What must life be like when one's only worries are when the people will rise and fill the food bowl, or banish one from the counter, or spill some cream as they're filling their coffee mugs? What must it be like to fill one's days with searching for the warmest beam of sunshine or the freshest basket of clean laundry or the last sleeping child? No worries about exercise, or relationships, or beauty. One simply knows that one looks good, even in one's graceful act of bathing.
And when one has an issue with a fellow cat, one simply lets out a horrifying hiss or a terrific growl, maybe even bats a clawed paw, and the message is clear. Soon enough, one will be playing with one's enemy, or one's tail, and all will be right with the world again.

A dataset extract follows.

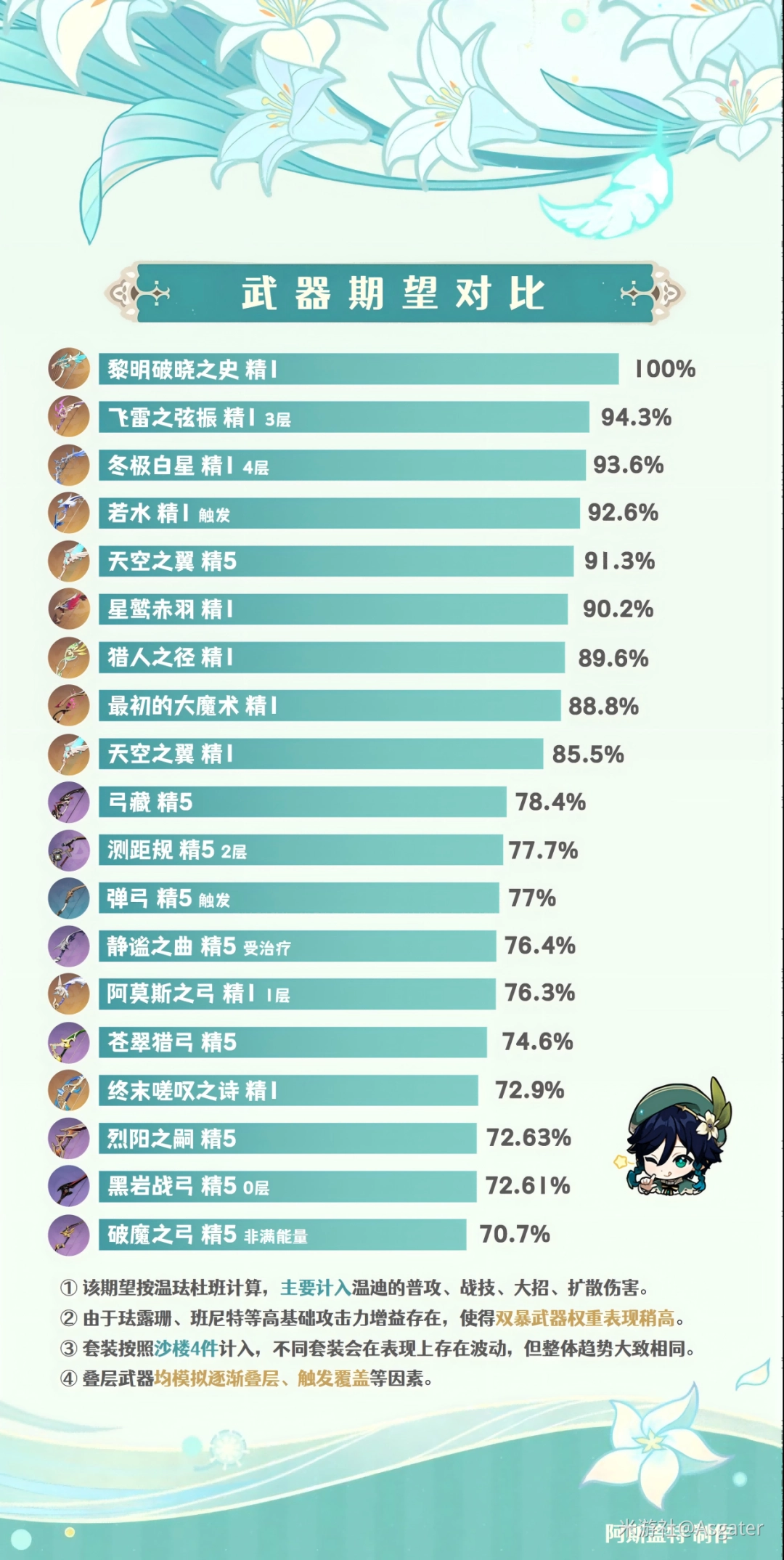 ◆站场风伤玩法优选,适(shi)合温迪真爱玩家考虑,但考虑到在配队中与部分5星双暴弓的差距不大,因此推荐量力而行。

When one needs a change of scenery or a safe hiding place, one has only to climb a tree, or curl up on a warm refrigerator, or perch atop an open door, and then one can have a view of everything, can bat at the people as they pass by, just for fun, or can completely ignore them, also just for fun. One can turn one's gorgeous green eyes upon the people, or turn and lift one's tail with dignity; one can choose to pay attention, or to not, but one can not be ignored, whether one is lying on the keyboard or the newspaper or pawing at the yarn in the evening or at a person's face in the wee morning hours, hoping for a little nibble of something, or eager to leave a dead-mouse gift, or hoping to get the person's attention just long enough to ignore them.
If I were a cat for a living, I would rule the world, I'm sure. Mice would fear me, children adore me, trees cradle me. And no matter what I was doing, whether sleeping or bathing or eating or playing, I would always be gorgeous.